AS FILED WITH THE SECURITIES AND EXCHANGE COMMISSION ON JULY 22, 2005

                                                     REGISTRATION NO. 333-106625
--------------------------------------------------------------------------------

                       SECURITIES AND EXCHANGE COMMISSION
                             WASHINGTON, D.C. 20549

                              --------------------

                         POST EFFECTIVE AMENDMENT NO. 3
                                       TO
                                    FORM S-3
             REGISTRATION STATEMENT UNDER THE SECURITIES ACT OF 1933

                         ------------------------------

                    INTEGRA LIFESCIENCES HOLDINGS CORPORATION
             (EXACT NAME OF REGISTRANT AS SPECIFIED IN ITS CHARTER)

           DELAWARE                                             51-0317849
(STATE OR OTHER JURISDICTION OF                              (I.R.S. EMPLOYER
INCORPORATION OR ORGANIZATION)                            IDENTIFICATION NUMBER)

                              311 ENTERPRISE DRIVE
                              PLAINSBORO, NJ 08536
                                 (609) 275-0500
    (ADDRESS, INCLUDING ZIP CODE, AND TELEPHONE NUMBER, INCLUDING AREA CODE,
                  OF REGISTRANT'S PRINCIPAL EXECUTIVE OFFICES)
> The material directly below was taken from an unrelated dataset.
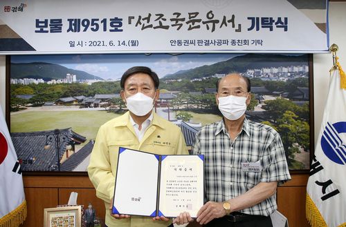 시는 이날 시청에서 기탁식을 열고 안동권씨 종친회로부터 선조국문유서를 기탁받았다.

                        --------------------------------

                JOHN B. HENNEMAN, III                           COPY TO:
   EXECUTIVE VICE PRESIDENT, CHIEF ADMINISTRATIVE
                OFFICER & SECRETARY                         MICHAEL D. LEVIN
                311 ENTERPRISE DRIVE                      LATHAM & WATKINS LLP
                PLAINSBORO, NJ 08536                       233 S. WACKER DRIVE
                   (609) 275-0500                        CHICAGO, ILLINOIS 60606
  (NAME, ADDRESS, INCLUDING ZIP CODE, AND TELEPHONE          (312) 876-7700
 NUMBER, INCLUDING AREA CODE, OF AGENT FOR SERVICE)

                           ---------------------------

     APPROXIMATE DATE OF COMMENCEMENT OF PROPOSED SALE TO THE PUBLIC: Not
applicable.

     If the only securities being registered on this Form are being offered
pursuant to dividend or interest reinvestment plans, please check the following
box. |_|

     If any of the securities being registered on this Form are to be offered on
a delayed or continuous basis pursuant to Rule 415 under the Securities Act of
1933, other than securities offered only in connection with dividend or interest
reinvestment plans, check the following box. |_|

     If this Form is filed to register additional securities for an offering
pursuant to Rule 462(b) under the Securities Act, please check the following box
and list the Securities Act registration statement number of the earlier
effective registration statement for the same offering. |_|_____________________

     If this Form is a post-effective amendment filed pursuant to Rule 462(c)
under the Securities Act, check the following box and list the Securities Act
registration statement number of the earlier effective registration statement
for the same offering. |_|_________________________

     If delivery of the prospectus is expected to be made pursuant to Rule 434,
please check the following box. |_|


     THIS POST EFFECTIVE AMENDMENT SHALL BECOME EFFECTIVE IN ACCORDANCE WITH
SECTION 8(C) OF THE SECURITIES ACT OF 1933, AS AMENDED, ON SUCH DATE AS THE
SECURITIES AND EXCHANGE COMMISSION, ACTING PURSUANT TO SAID SECTION 8(C), MAY
DETERMINE.




                                EXPLANATORY NOTE

         Pursuant to a Registration Statement on From S-3 (File No. 333-106625)
(the "Registration Statement"), Integra LifeSciences Holdings Corporation (the
"Company") registered (i) $120,000,000 aggregate principal amount of 2 1/2%
Contingent Convertible Subordinated Notes due 2008 (the "Notes") and (ii)
3,514,164 shares of common stock, $0.01 par value per share (the "Common
Stock"), of the Company. The Registration Statement was declared effective on
September 25, 2003.

         The Company's obligation to keep the Registration Statement effective
has expired. Accordingly, this Post Effective Amendment No. 3 to the
Registration Statement is being filed for the purpose of deregistering all Notes
and shares of Common Stock, the sale of which was registered under the
Registration Statement, that were not sold under the Registration Statement. As
of July 21, 2005, $35,968,000 aggregate principal amount of the Notes and
1,053,312 shares of Common Stock (issuable upon conversion of such Notes)
remained unsold under the Registration Statement.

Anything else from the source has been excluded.